# [Assignment]
Your task is to retype the lines from the opening of the material through the line that includes "共襄盛举，携手共赢。中建安装". Do not copy the pictures.

# [Provided data]
-- -- --

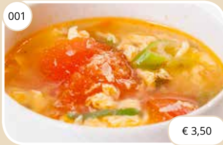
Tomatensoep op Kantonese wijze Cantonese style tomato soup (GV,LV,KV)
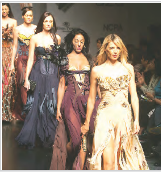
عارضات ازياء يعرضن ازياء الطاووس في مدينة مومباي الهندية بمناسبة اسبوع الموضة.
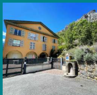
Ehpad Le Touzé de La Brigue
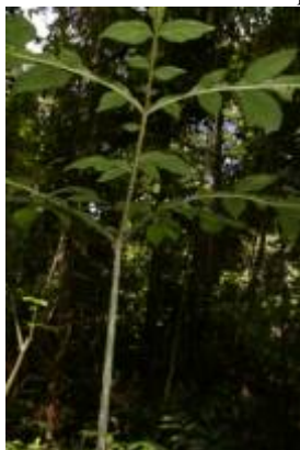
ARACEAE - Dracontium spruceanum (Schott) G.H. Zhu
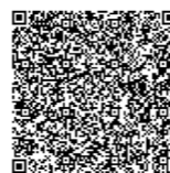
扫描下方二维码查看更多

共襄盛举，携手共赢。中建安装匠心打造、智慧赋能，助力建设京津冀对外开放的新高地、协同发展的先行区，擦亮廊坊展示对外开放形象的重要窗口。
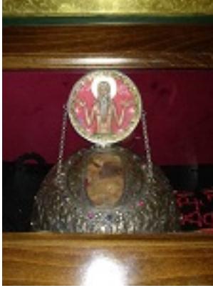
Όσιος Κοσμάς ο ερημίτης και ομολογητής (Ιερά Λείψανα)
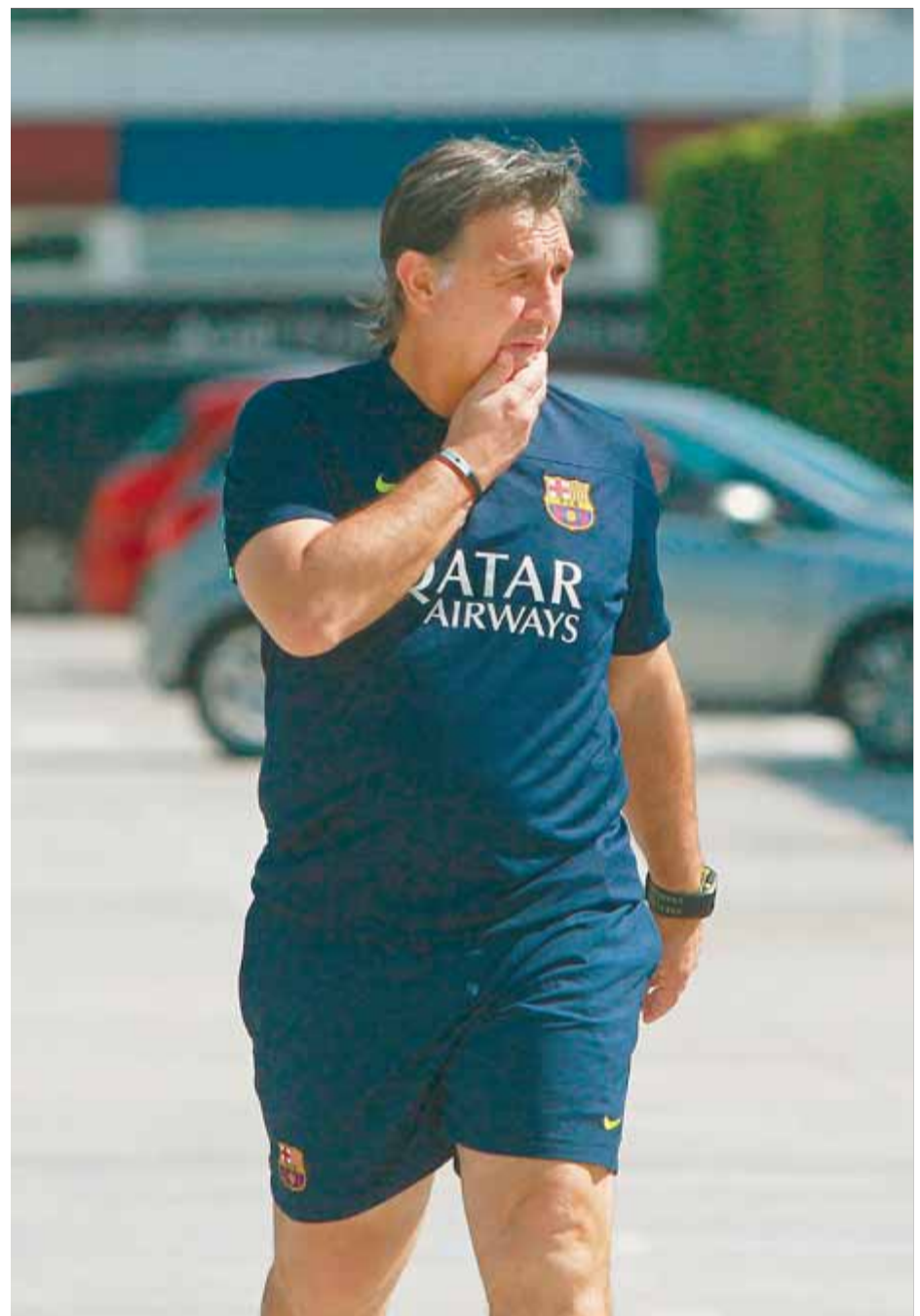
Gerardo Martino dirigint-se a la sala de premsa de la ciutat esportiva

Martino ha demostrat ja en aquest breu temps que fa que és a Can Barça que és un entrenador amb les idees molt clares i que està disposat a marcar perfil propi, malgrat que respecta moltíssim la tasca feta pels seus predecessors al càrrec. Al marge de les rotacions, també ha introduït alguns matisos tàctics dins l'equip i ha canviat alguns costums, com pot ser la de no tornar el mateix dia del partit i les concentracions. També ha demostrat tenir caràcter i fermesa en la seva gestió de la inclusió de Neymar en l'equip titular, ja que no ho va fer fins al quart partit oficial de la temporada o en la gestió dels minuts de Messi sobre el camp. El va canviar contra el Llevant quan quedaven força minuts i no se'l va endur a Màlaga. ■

-- -- --

# [Result of this exercise]
Tomatensoep op Kantonese wijze Cantonese style tomato soup (GV,LV,KV)
عارضات ازياء يعرضن ازياء الطاووس في مدينة مومباي الهندية بمناسبة اسبوع الموضة.
Ehpad Le Touzé de La Brigue
ARACEAE - Dracontium spruceanum (Schott) G.H. Zhu
扫描下方二维码查看更多

共襄盛举，携手共赢。中建安装匠心打造、智慧赋能，助力建设京津冀对外开放的新高地、协同发展的先行区，擦亮廊坊展示对外开放形象的重要窗口。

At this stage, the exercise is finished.